Most of the projects that land in our inbox arrive the same way. A founder opens a GitHub repo, says “it mostly works,” and then admits they’ve been stuck for six weeks trying to add login. The prototype runs on localhost. It looks great. It cannot take a payment, cannot send an email, and falls over the moment two people use it at once.

This is the new shape of MVP software development. The prototype already exists. Someone built it in a weekend with Cursor or v0, got 80% of the way there, and then hit the wall where vibes stop working and engineering starts.

This post is about getting across that wall.

What you actually have when you have a Cursor prototype

You have a spec. That’s it. A spec written in TypeScript instead of Notion.
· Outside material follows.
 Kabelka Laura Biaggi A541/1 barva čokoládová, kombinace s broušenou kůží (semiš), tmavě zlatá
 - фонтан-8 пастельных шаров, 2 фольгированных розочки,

This is more valuable than people give it credit for. A working prototype answers questions a PRD never can: what the empty state looks like, how the form behaves when you tab through it, whether the dashboard layout survives a long company name. Cursor and Claude Code are very good at producing this. They are less good at producing something you can put a credit card into.
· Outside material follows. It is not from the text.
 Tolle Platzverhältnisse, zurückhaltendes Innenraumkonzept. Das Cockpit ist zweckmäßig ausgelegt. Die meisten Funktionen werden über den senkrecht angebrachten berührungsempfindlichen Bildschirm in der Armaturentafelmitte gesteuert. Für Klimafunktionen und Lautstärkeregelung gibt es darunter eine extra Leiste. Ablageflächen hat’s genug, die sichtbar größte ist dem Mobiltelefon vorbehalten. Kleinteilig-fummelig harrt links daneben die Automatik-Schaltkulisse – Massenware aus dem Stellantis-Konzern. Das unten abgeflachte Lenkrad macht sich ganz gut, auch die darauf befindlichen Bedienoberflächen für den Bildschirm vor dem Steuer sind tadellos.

So before you touch the code, do a triage pass. Open the repo and ask four questions:

  1. Does the UI represent what we actually want to ship? If no, fix that in Cursor before you do anything else. It’s still cheaper there.
  2. Where does data live, and is it real? Half of these prototypes have hardcoded JSON pretending to be a database.
  3. Is there any auth at all, or is every route public?
  4. What’s the deploy story? Vercel free tier with no environment variables counts as no deploy story.

Write the answers down. That’s your scope.
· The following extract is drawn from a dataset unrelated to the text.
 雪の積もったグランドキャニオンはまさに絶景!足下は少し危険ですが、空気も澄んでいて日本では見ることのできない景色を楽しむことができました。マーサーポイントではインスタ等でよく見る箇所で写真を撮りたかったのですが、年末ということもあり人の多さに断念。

What to keep, what to rip out

Keep the UI. Almost always. The components, the Tailwind classes, the page structure, the copy. If a designer or the founder spent real time on it in v0, it’s probably fine. Ripping it out to “clean it up” is how two-week projects become two-month projects.

Rip out anything that touches data. Not because the AI wrote it badly, but because it wrote it assuming a toy scenario. The typical pattern: a lib/db.ts with an in-memory array, or a Supabase client wired to a project whose anon key is committed to the repo. Replace it with something real. We usually go Postgres on Hetzner with Drizzle, or D1 if the whole thing fits on Cloudflare Workers.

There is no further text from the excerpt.